Required work: For the records below, copy exactly the span that begins at the line containing "We realise that" and stops after the line containing "Minister, Soil &", minus any pictures.

Supplied information:

****************************************

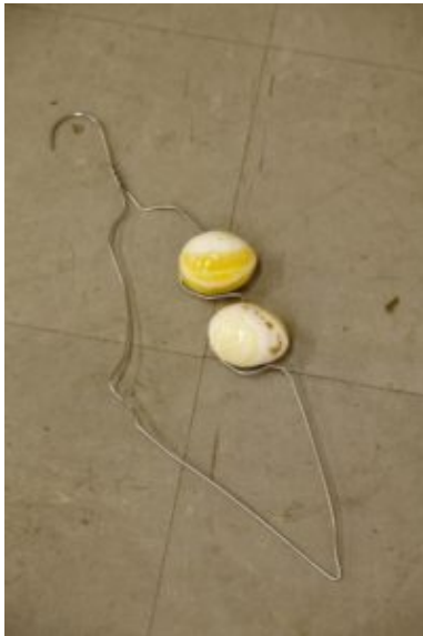
Joseph Sassoon Semah, My Beloved Country - That Did Not Love Me, metal clothes hanger and egg-shaped marble, 33 cm, 1977

Israel on top of a Persian rug. The virulent contrast created by the coupling of these two elements emphasizes an act of deletion where there should have been geographical continuity. The installation points to a place of conflict and unresolved dissonance between the Middle-eastern space, represented here by the brightly embroidered rug, and Israel, represented as a uniformly white cutout in the shape of the country's map." [iii]
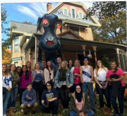
EXTERIOR PHOTO DURING THE 2019 FALL ART TOUR

Equipment used: canvas / hand-built birch panels/ oil paint, (Talents, Rembrandt) Arabian gum turpentine, and walnut oil Large variety of brushes. Favorite tools: Coffee-cup, make-up cleaning wedges (because they are the best tool to wipe off a mistake or pre-oil a surface) – Sennheiser sound canceling Bluetooth headset,
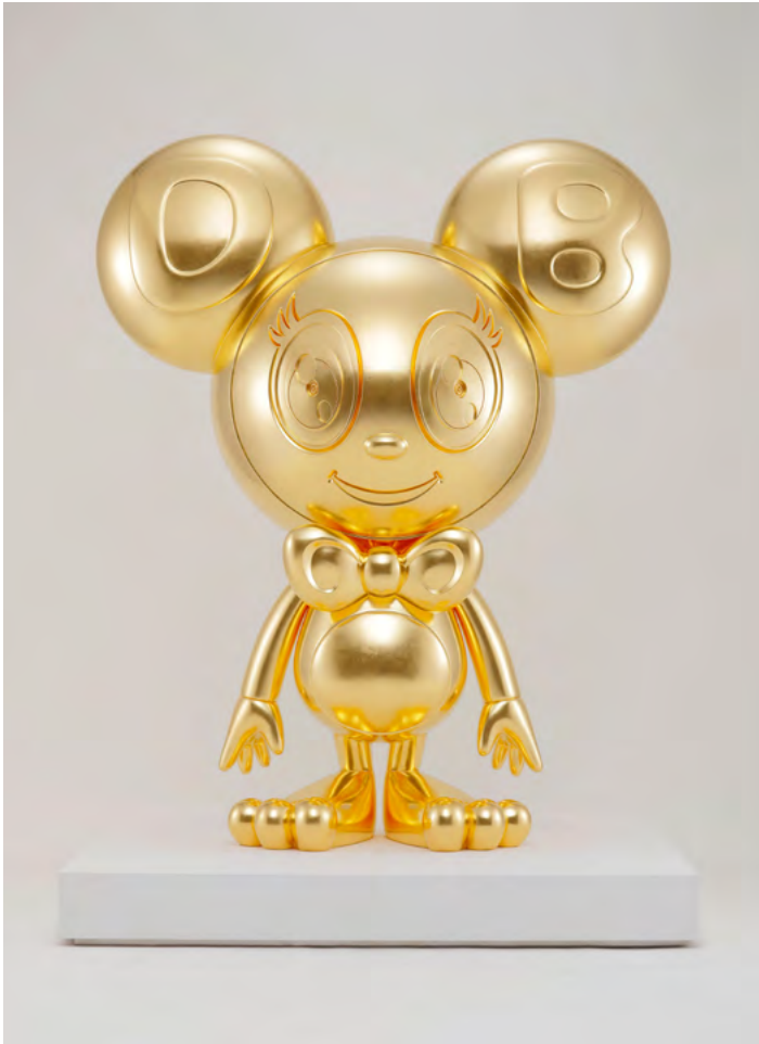
DOB (Gold), 2019 - 2020. Gold leaf on FRP, 158,4 × 130,4 × 82,8 cm. ©2019 - 2020 Takashi Murakami/Kaikai Kiki Co., Ltd. All Rights Reserved.
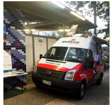
Station coffee morning

We realise that construction is disruptive to the community and we aim to minimise impact as much as possible. We thank you for your understanding and patience so far as we remove the level crossing and build a new station at Heatherdale Road.
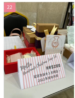
20-22 / 感恩有機會到中華基督教會香港閩南堂北角堂及跑馬地堂分享事工，以及義賣柬埔寨婦女的手工藝品。We were glad to share our ministry and sell the handmade products made by Cambodian ladies at CCC - Man Lam Christian Church, North Point and CCC - Man Lam Christian Church, Happy Valley.
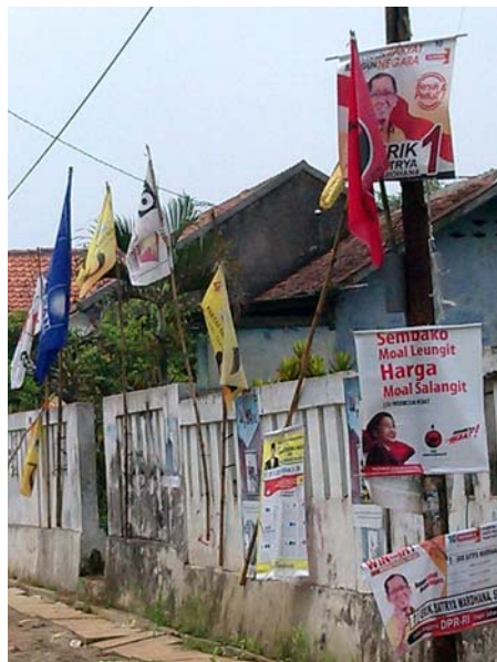
Election campaign flags and posters adorn a wall in Bogor

In last year's fires in Sumatra, especially Riau, fires hotspots were mostly located in timber plantation concessions belonging to the giant pulp and paper conglomerates APP and APRIL. 5 Oil palm plantations are frequently the site of fires too: Riau also hosts Indonesia's most extensive oil palm plantations amounting to 3 million hectares of Indonesia's total 13 million hectares of oil palm plantations. 6
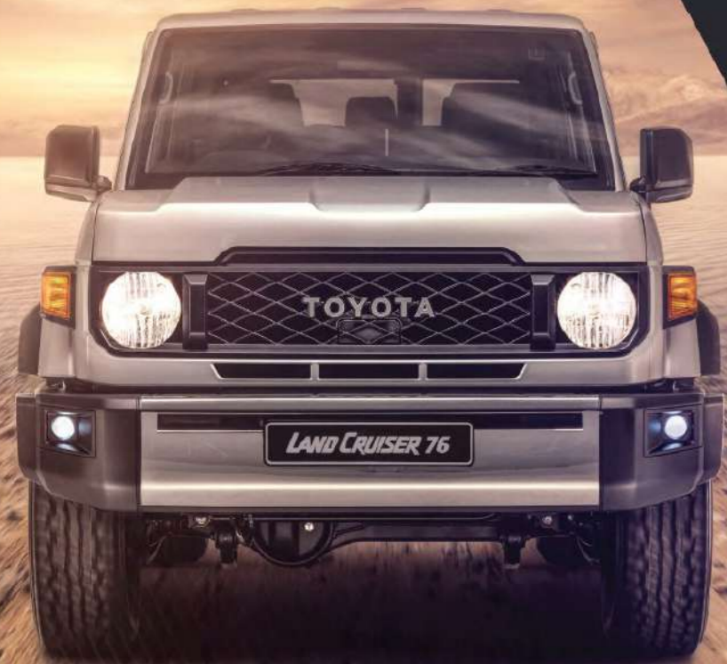
MODELS SHOWN: Land Cruiser 76 2.8 GD-6 SW LX Diesel
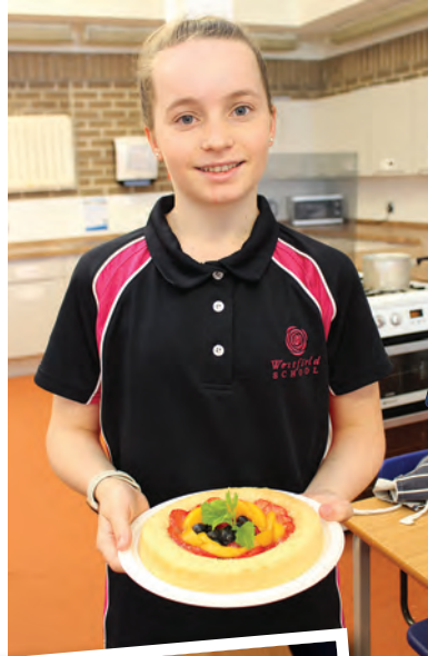
Tilly prepared a fruit tart.

Upper 3 are now confident enough to follow a recipe independently to make a full meal; Lower 4 embraced the 5 a day challenge using complex knife skills to create colourful summer fruit tarts; and Upper 4, preparing for GCSE, made some zesty jaffa cakes! Lower 5 completed their mock exam by producing a two course meal in two hours. Upper 5 and Lower 6 all achieved grade 7 to 9 in their final practical exams this year and I am so proud of the dishes they produced, from homemade cheese in a ravioli dish, Mille Feuille and vegan meringues to deboning chickens for Mexican flatbreads.
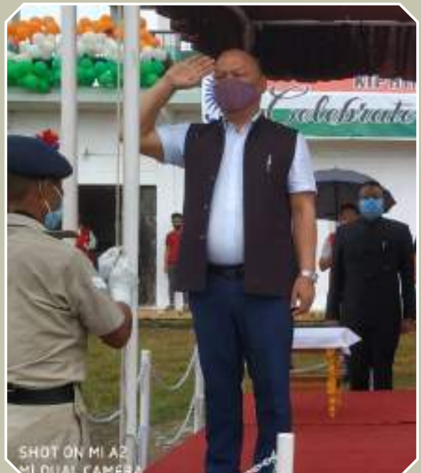
Minister, Soil & Water Conservation, Geology & Mining, V. Kashiho Sangtam taking the salute during the Independence Day celebration at Local Ground, Kiphire on 15 th August 2020.
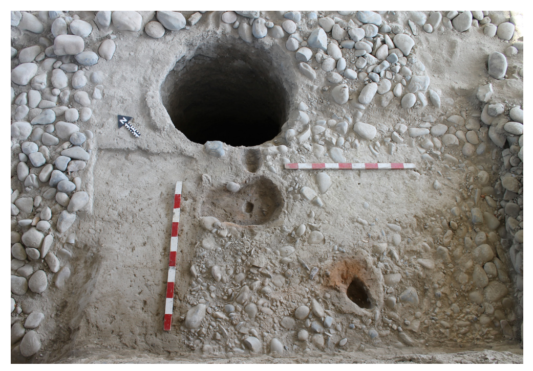
Fig. 8: The workshop (Room C ) of Building 1, with three small furnaces.
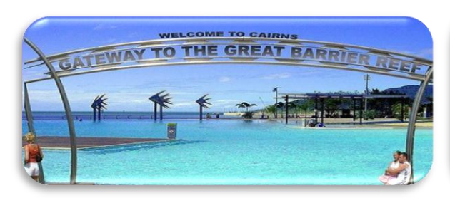
Day 14 - Cairns - Great Barrier Reef - Cairns

have Lunch at Frog Restaurant. Later board one way Kuranda Scenic Rail. Experience one of the most unique rail journeys, discovering the living color and natural beauty of a World Heritage-listed Rain Forest that millions of years old. Arrive at Freshwater station. Later transfer to Hotel check in, Dinner@ Indian restaurant. Overnight stay at hotel Cairns.
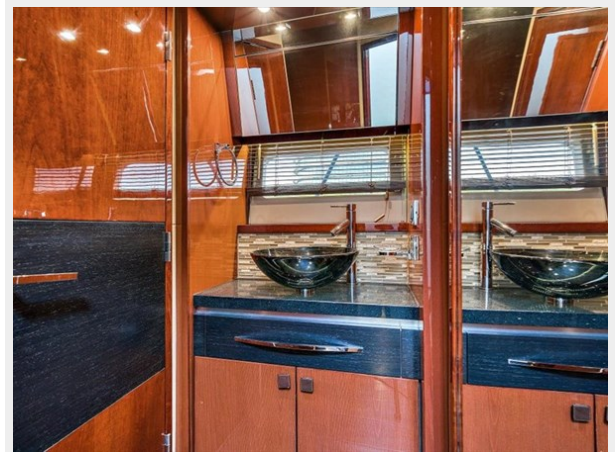
Master Head 2
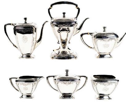
Whiting Sterling Tea Set
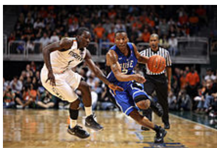
Nolan (2) was named ACC Player of the Year in 2011.

As a senior in 2010–11, Smith started 37 games as he averaged 20.6 points, 4.5 rebounds, 5.1 assists and 1.2 steals per game. [8] He was named the 12th ACC Player of the Year in school history after becoming the 11th Duke player to lead the league in scoring. He earned first-team All-ACC and ACC All-Defensive team honors, and NABC and USBWA first-team All-District honors after leading Duke to a 32-5 record and a third consecutive ACC championship. He was also a finalist for the Naismith Trophy, Wooden Award, Oscar Robertson Trophy and Bob Cousy Award. [4]
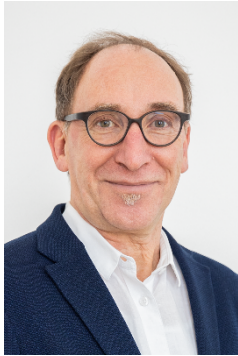
Johannes Rauch
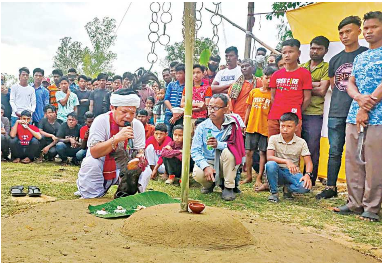
A priest, or "Khamal" of the Garo tribe, conducting the Wangala puja, a thanksgiving festival for harvest, at a temple in Sreemangal's Moulvibazar yesterday afternoon. Music, dance and spiritual offerings were performed in the puja in the presence of around 1,000 people.
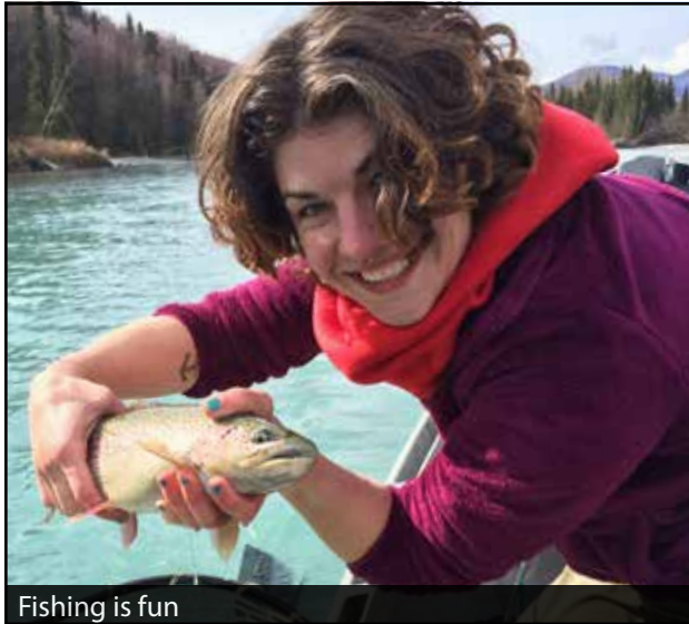
Fishing is fun
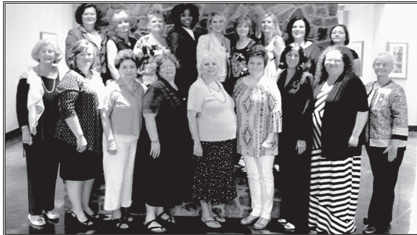
2015 LEADERSHIP MANAGEMENT SEMINAR LEADERS

The application packets are available July 1 and are due February 1 , for both Zeta State and DKG International Scholarships.
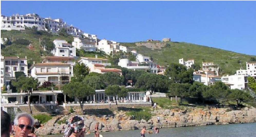
Spanien l'Escaló an der Costa Brava
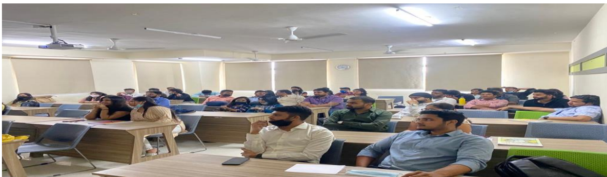
Fig 1.3 – Round 3 in progress with the participating teams in the Ist two rows.
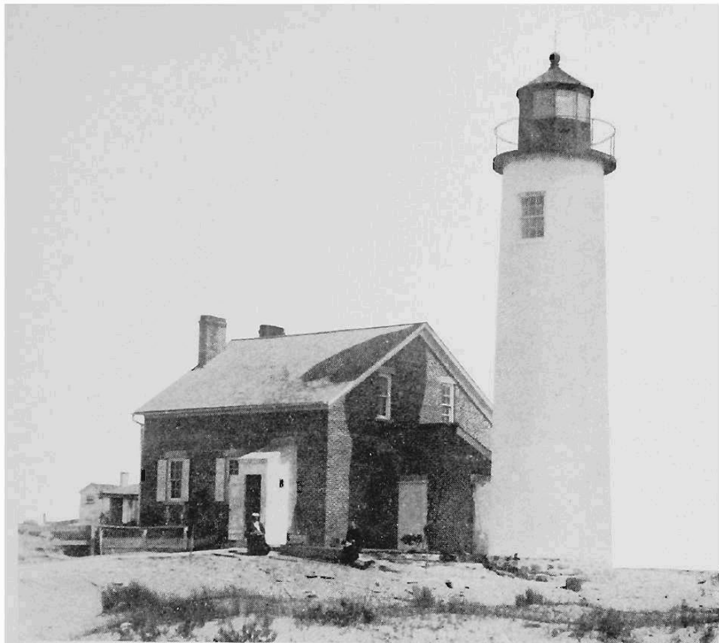
THE lighthouse on Minnesota Point, built in 1858

midst of all which visible preparations for an early influx of trade an astonishing quiet reigns. There are unfinished roofs and open house-sides all round us, yet not a sound is heard.
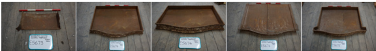
2313 ECHF (041).... 2313 ECHF (042).... 2313 ECHF (043).... 2313 ECHF (044).... 2313 ECHF (045)....
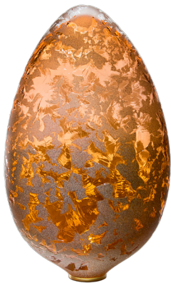
Cristal II, 2022 ©maison parisienne
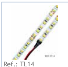
Ref.: TL14 STRIP LED 14W (L/M)

****************************************

The completed task:
We realise that construction is disruptive to the community and we aim to minimise impact as much as possible. We thank you for your understanding and patience so far as we remove the level crossing and build a new station at Heatherdale Road.
20-22 / 感恩有機會到中華基督教會香港閩南堂北角堂及跑馬地堂分享事工，以及義賣柬埔寨婦女的手工藝品。We were glad to share our ministry and sell the handmade products made by Cambodian ladies at CCC - Man Lam Christian Church, North Point and CCC - Man Lam Christian Church, Happy Valley.
Election campaign flags and posters adorn a wall in Bogor

In last year's fires in Sumatra, especially Riau, fires hotspots were mostly located in timber plantation concessions belonging to the giant pulp and paper conglomerates APP and APRIL. 5 Oil palm plantations are frequently the site of fires too: Riau also hosts Indonesia's most extensive oil palm plantations amounting to 3 million hectares of Indonesia's total 13 million hectares of oil palm plantations. 6
MODELS SHOWN: Land Cruiser 76 2.8 GD-6 SW LX Diesel
Tilly prepared a fruit tart.

Upper 3 are now confident enough to follow a recipe independently to make a full meal; Lower 4 embraced the 5 a day challenge using complex knife skills to create colourful summer fruit tarts; and Upper 4, preparing for GCSE, made some zesty jaffa cakes! Lower 5 completed their mock exam by producing a two course meal in two hours. Upper 5 and Lower 6 all achieved grade 7 to 9 in their final practical exams this year and I am so proud of the dishes they produced, from homemade cheese in a ravioli dish, Mille Feuille and vegan meringues to deboning chickens for Mexican flatbreads.
Minister, Soil & Water Conservation, Geology & Mining, V. Kashiho Sangtam taking the salute during the Independence Day celebration at Local Ground, Kiphire on 15 th August 2020.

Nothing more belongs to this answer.